Коули бросил взгляд на другой конец палаты и увидел, что Коттон подсматривает и подслушивает, пряча распухшее лицо в ладони.

—А ты отправишься на выписку сегодня, Джимп, — улыбнулся Коули. — Причем без гипса.

—Ты жирная черномазая харя. Ты меня покалечил. Ну ты за это еще заплатишь…

Коули пронесся по палате, как полузащитник, и, прежде чем Коттон успел съежиться, сгреб лапищей его волосатую размалеванную грудь и наполовину поднял Джимпа в воздух. Тот завопил.

—Ежели ты еще раз дотронешься до кого-нибудь из моих людей, то на собственной шкуре узнаешь, как мало внимания патологоанатомы уделяют тому, что мы им посылаем в пластиковых мешках для трупов!

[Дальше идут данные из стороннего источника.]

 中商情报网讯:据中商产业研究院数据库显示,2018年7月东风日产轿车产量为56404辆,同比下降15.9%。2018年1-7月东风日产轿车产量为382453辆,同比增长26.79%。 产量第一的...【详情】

Коттон вырвался и отполз в конец койки, где свернулся калачиком, повизгивая от боли. Коули снова повернулся к Уилсону:

—Мне нужно помочь с завтраками.

—Конечно, — ответил Уилсон.

Коули улыбнулся:

—Это позволит тебе поддерживать брюхо в хорошей форме.

Затем фельдшер повернулся и пошел к двери.

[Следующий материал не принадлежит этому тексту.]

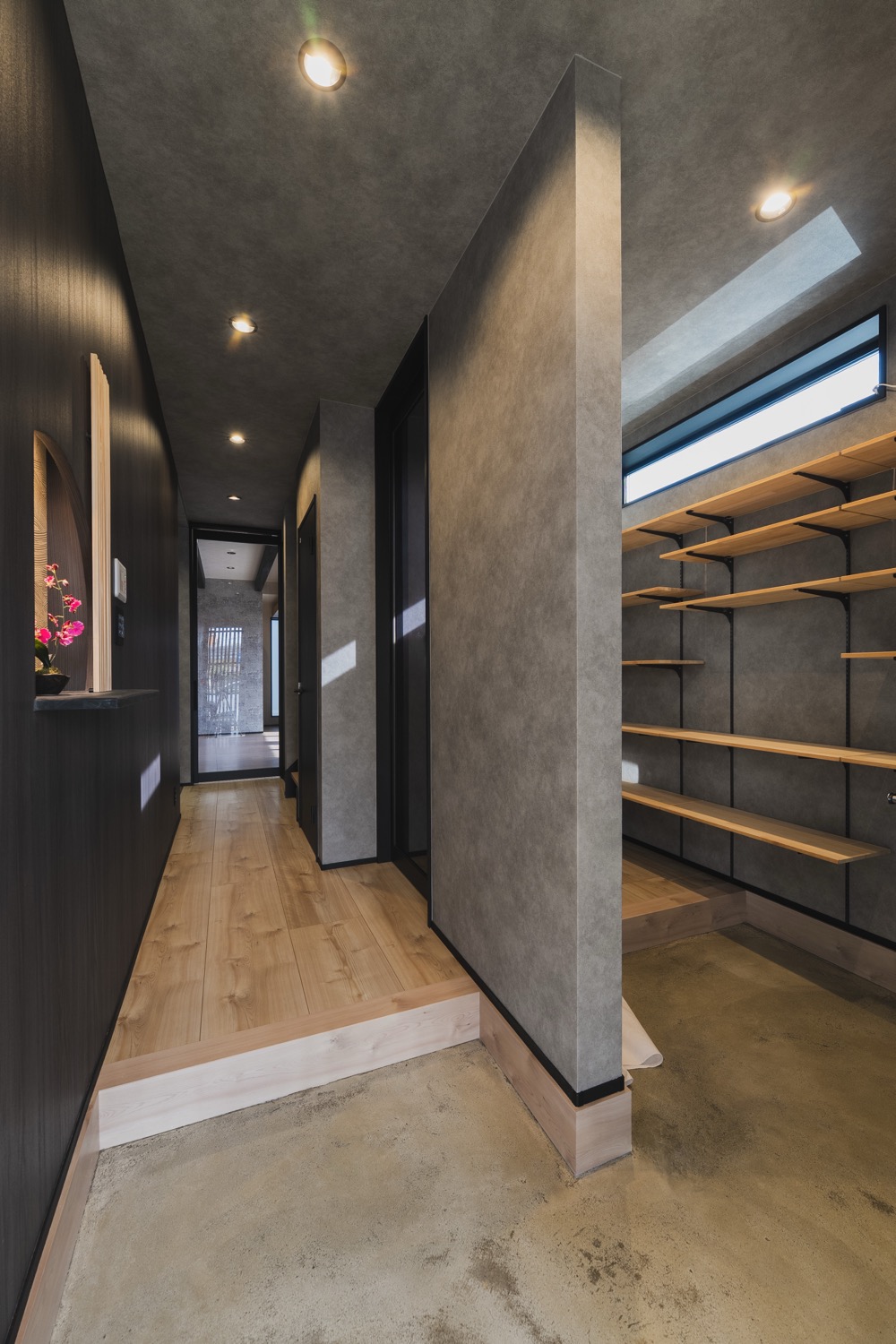土間玄関は、右手に家族用の大容量シューズクロークをつけました。

И Робен Уилсон, некоронованный король блока „B“, ощущая смутное удовольствие от того, что Лягушатник одарил его улыбкой, что есть духу заторопился вперед.

Глава 3

Генри Эбботт питал особую любовь к овсянке. Его дед, деливший стремя у Сэнд-Крик с самим полковником Чивингтоном, ел овсянку каждый день на протяжении всей своей жизни и дожил до девяноста трех лет. Теперь специалисты раскрыли секрет каши, заявив, что эта пища полезна для сердца и кровообращения. Эбботт ничего против этого не имел, но овсянка, стоявшая перед ним сейчас, была нехороша. Эбботт это точно знал и отодвинул пластмассовую миску, не съев ни ложки. Эта порция овсянки была пересыпана толченым стеклом.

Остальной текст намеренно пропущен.